● Requirement
Print the listing in its entirety and exactly, leaving out images.

● Given material
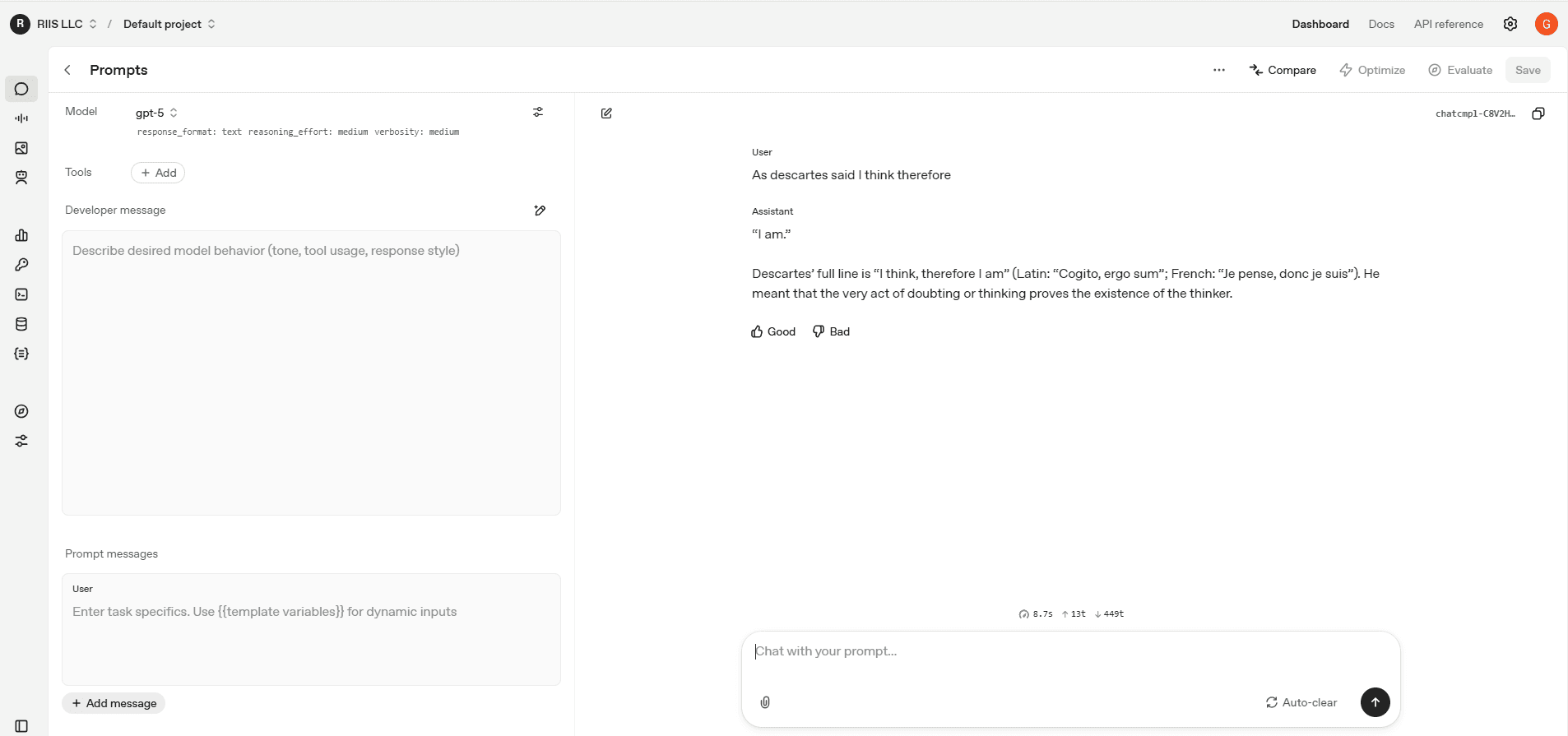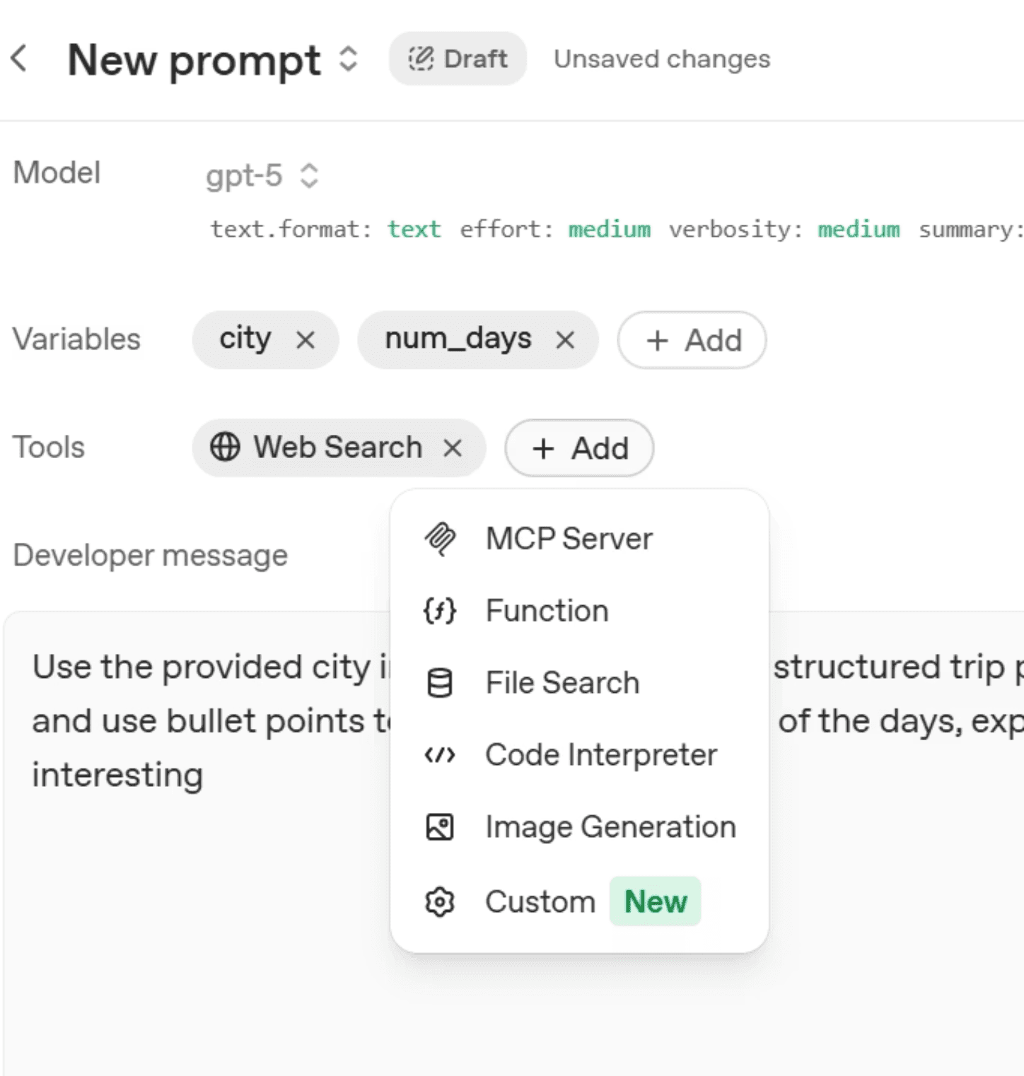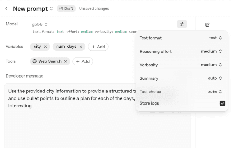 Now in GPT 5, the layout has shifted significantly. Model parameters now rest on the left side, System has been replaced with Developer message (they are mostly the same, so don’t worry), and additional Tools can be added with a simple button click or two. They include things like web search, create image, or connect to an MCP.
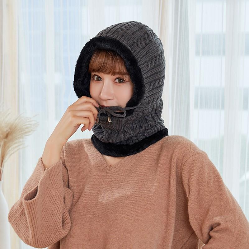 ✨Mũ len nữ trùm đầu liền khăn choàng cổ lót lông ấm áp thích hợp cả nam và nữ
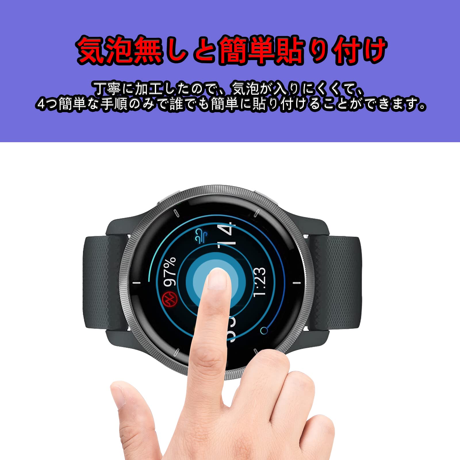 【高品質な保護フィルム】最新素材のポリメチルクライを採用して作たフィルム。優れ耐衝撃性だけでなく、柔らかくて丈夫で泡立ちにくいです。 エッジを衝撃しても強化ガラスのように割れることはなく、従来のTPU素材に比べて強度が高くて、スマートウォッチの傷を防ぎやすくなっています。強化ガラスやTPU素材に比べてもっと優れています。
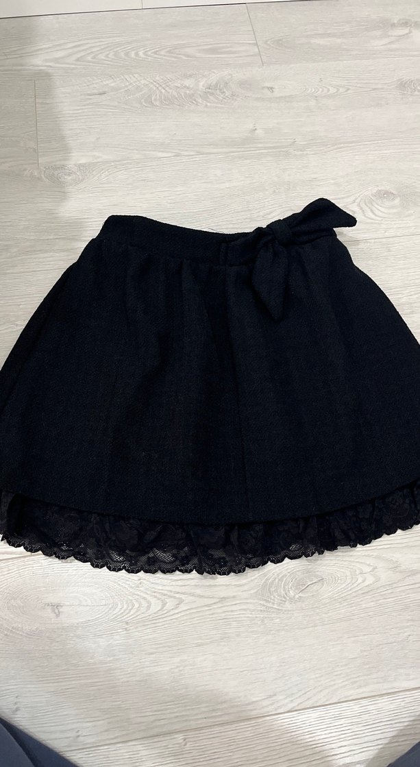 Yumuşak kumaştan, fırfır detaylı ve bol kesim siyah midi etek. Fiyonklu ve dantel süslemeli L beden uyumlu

● Response to this exercise
 Now in GPT 5, the layout has shifted significantly. Model parameters now rest on the left side, System has been replaced with Developer message (they are mostly the same, so don’t worry), and additional Tools can be added with a simple button click or two. They include things like web search, create image, or connect to an MCP.
 ✨Mũ len nữ trùm đầu liền khăn choàng cổ lót lông ấm áp thích hợp cả nam và nữ
 【高品質な保護フィルム】最新素材のポリメチルクライを採用して作たフィルム。優れ耐衝撃性だけでなく、柔らかくて丈夫で泡立ちにくいです。 エッジを衝撃しても強化ガラスのように割れることはなく、従来のTPU素材に比べて強度が高くて、スマートウォッチの傷を防ぎやすくなっています。強化ガラスやTPU素材に比べてもっと優れています。
 Yumuşak kumaştan, fırfır detaylı ve bol kesim siyah midi etek. Fiyonklu ve dantel süslemeli L beden uyumlu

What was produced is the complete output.